Гуго фон Гофмансталь
1
Первый раз телефон зазвонил второго ноября, спустя пять недель после смерти Руфи, день в день. Между двумя этими событиями Зуттер не усмотрел никакой связи. Но время — 23 часа 17 минут — осталось в памяти, потому что на следующий вечер звонок повторился с точностью до минуты, и с тех пор Зуттер мог бы сверять по нему часы.
В этом, однако, не было необходимости, так как настенные часы в комнате, на которые он поглядывал сперва удивленно, а потом с раздражением, секунда в секунду сверяли свой ход с импульсом, который они, если верить инструкции по эксплуатации, получали откуда-то из-под Франкфурта, то есть с расстояния в пятьсот километров.

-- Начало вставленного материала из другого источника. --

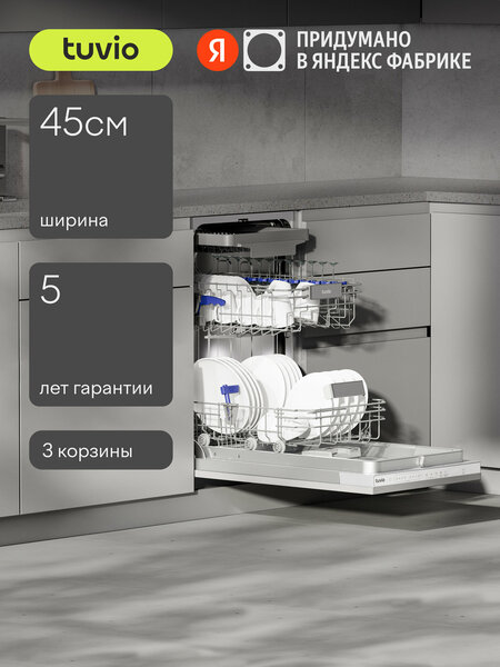 Tuvio — это бренд удобной бытовой техники, придуманный в Яндексе. Tuvio DB43MT8LS1 — это посудомоечная машина шириной 45 см. Подходит как для просторной, так и для небольшой кухни. Машина вместительная и функциональная: для 10 комплектов посуды есть 3 корзины, верхнюю можно регулировать по высоте даже в загруженном состоянии. В корзине для столовых приборов вилки, ложки и ножи тщательно промываются. С внутренней подсветкой машину легко загружать или проверять качество мытья сразу после открытия дверцы. Благодаря удобному сенсорному управлению можно точно настроить работу машины. Для мытья посуды есть 8 режимов разной интенсивности. В авторежиме машина сама определяет степень загрязнения и подбирает нужные параметры для работы. Третий разбрызгиватель подаёт воду сверху — вся посуда промывается более тщательно. Машину не обязательно загружать полностью: в режиме Dual Zone можно выбрать только одну корзину для мытья. Максимальный расход воды на цикл работы — 8,5 л — меньше, чем при ручном мытье. В дополнительном режиме экстрасушки посуда быстро сохнет без разводов и капель. С функцией отложенного старта машину можно запустить в любое удобное время. Цикл работы легко отследить по лучу, который проецируется на пол во время мытья. По окончании дверь открывается автоматически — так воздух циркулирует внутри камеры, а посуда сушится более эффективно. Продуманная технология Aqua Stop защищает устройство от протечек: в случае прорыва шланг прекращает подачу воды.

Вопреки своим привычкам Руфь заказала эту игрушку в одной рассылочной фирме, быть может потому, что невероятная точность отсчета времени забавляла ее и отвлекала от мыслей о краткости отпущенного ей срока.
Когда раздался звонок, Зуттер сидел в «кресле сказок». Кресло, доставшееся Руфи в наследство от тети, получило это название потому, что больная устраивалась в нем, когда он читал ей вслух сказки; он делал это каждый вечер, чтобы избавить ее от страха перед надвигавшейся ночью. Нередко случалось, что она, пока он читал, неожиданно впадала в полудрему, чего обычно трудно было добиться, несмотря на всевозможные лекарства. От сильного снотворного, которое прописал ей врач, она отказалась: «Я, пока еще жива, не хочу засыпать мертвым сном».
Теперь в «кресло сказок» усаживался с книгой он сам и ловил себя на том, что пытается устроиться в нем в той же позе, в какой сидела Руфь, но его длинные ноги никак не умещались в кресле с высокими подлокотниками.
Он читал детективные романы, целую стопку которых обнаружил в подвале. Там они пылились со времен его студенчества. Он покупал их перед экзаменом по правоведению, проглатывал за два дня и шел покупать новый, хотя каждый раз, прежде чем отправиться в английский книжный магазин, давал себе клятву, что эта покупка будет последней. Прочтет и начнет работать, только работать — и не заниматься ничем другим. Вместо этого он забирался в свою каморку и прочитывал один томик в полосатой зеленой обложке за другим — так курильщики, докурив одну сигарету, прикуривают от нее следующую. Курить он бросил десять лет тому назад. В одно прекрасное утро он вдруг не захотел лишать себя всего того, от чего, как ему представлялось, его избавляла сигарета. Он почувствовал себя виноватым, когда понял, от какого удовольствия отказался, но чувство вины, вызываемое курением, было еще сильнее. Однако от наслаждения французской сигаретой не осталось ничего, когда через неделю ему удалось избавиться от этой привычки.